Guys, while of interest to audio engineers with a mic cabinet, this kind of discussion is of no use
to most people out there today collecting oral histories. What is of interest is, where do I put
this little digital recorder? What's a good volume level to set on it? What are all these format
choices and what should I choose? Real basic stuff for civilians, not esoteric audio engineer talk.
Most recorders out there today are low-end digital flash recorders or, more common, iPhones and
Samsung phones. So how can we raise the bar on what people capture with those things?
-- Tom Fine
----- Original Message -----
From: "Paul Stamler" <[log in to unmask]>
To: <[log in to unmask]>
Sent: Monday, September 08, 2014 4:43 PM
Subject: Re: [ARSCLIST] Asch vs Lomax
> On 9/8/2014 1:08 PM, Richard L. Hess wrote:
>> My best oral history interviews have been done with a pair of Sennheiser
>> MKH-416 short shotguns and the CD-rez recorder de jour. (My first and
>> longest trial with it was with a D8 DAT in the 90s.) I wonder what would
>> be an economical replacement for the MKH-416. I think Rode has one that
>> is more-or-less equal, but, alas, that may include price.

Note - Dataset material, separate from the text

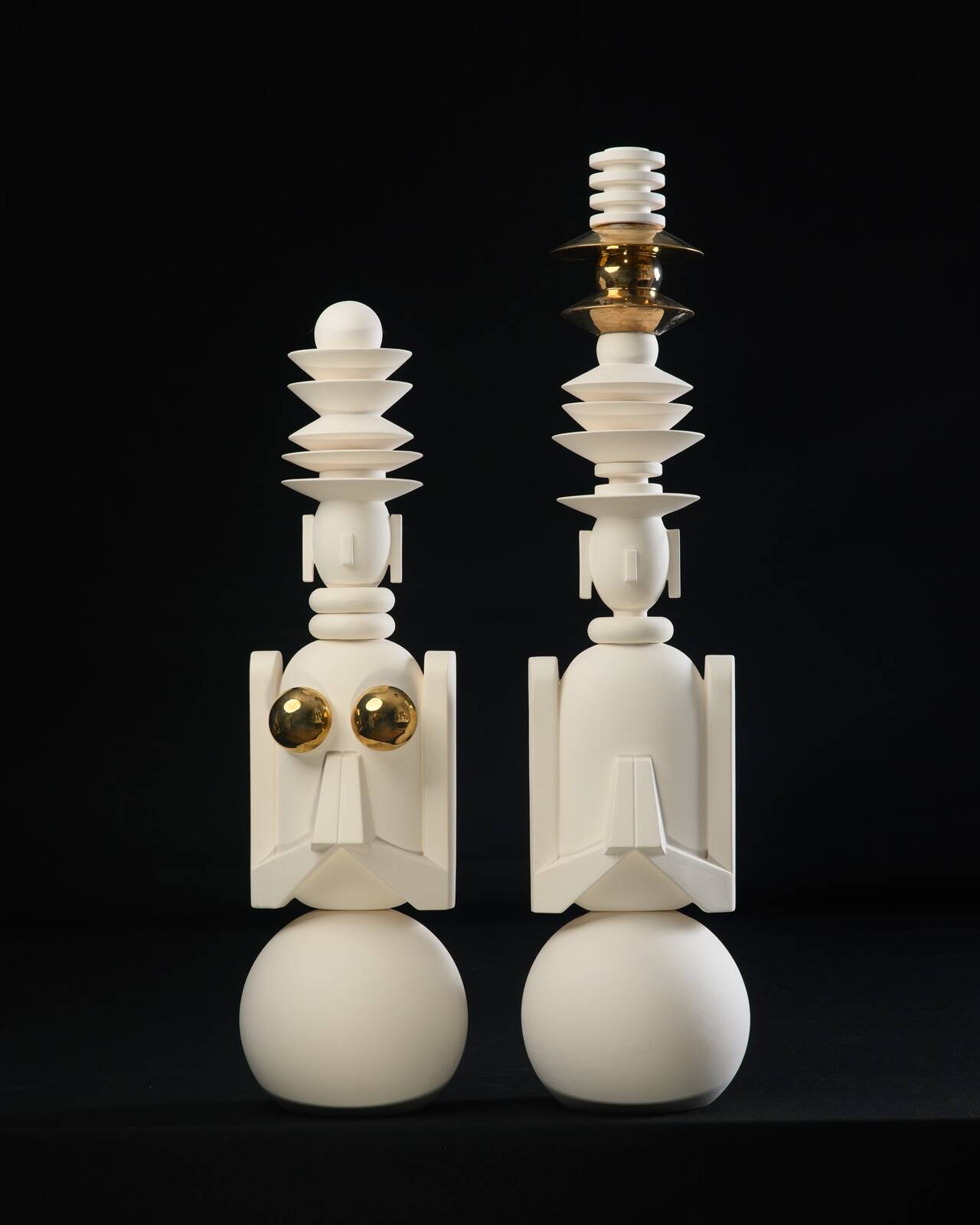הפסלים חוברים לקולקציה קוהרנטית, חלקה אבסטרקטי־גאומטרי ובחלקה יש רמזים לאנושי ולנשי – ראש, גוף, שדיים, זרועות בייצוג סימבולי. הטוטמים מגיעים לגובה שבין 60 ל־130 ס״מ, במנעד צבעוני מצומצם ועקבי, בעיקר לבן ושחור עם נגיעות מפתיעות של זהב, פה ושם צבעים ראשוניים עזים.

> If you can put up with a pattern that's merely hypercardioid instead of short-shotgun, you might
> try the Electro-Voice RE16, and it works well sitting on a piece of foam with the capsule floating
> just above the tabletop ("mouse" mounting as Richard noted). I've had a lot of luck using it for
> oral history interviews. Tough as nails, too.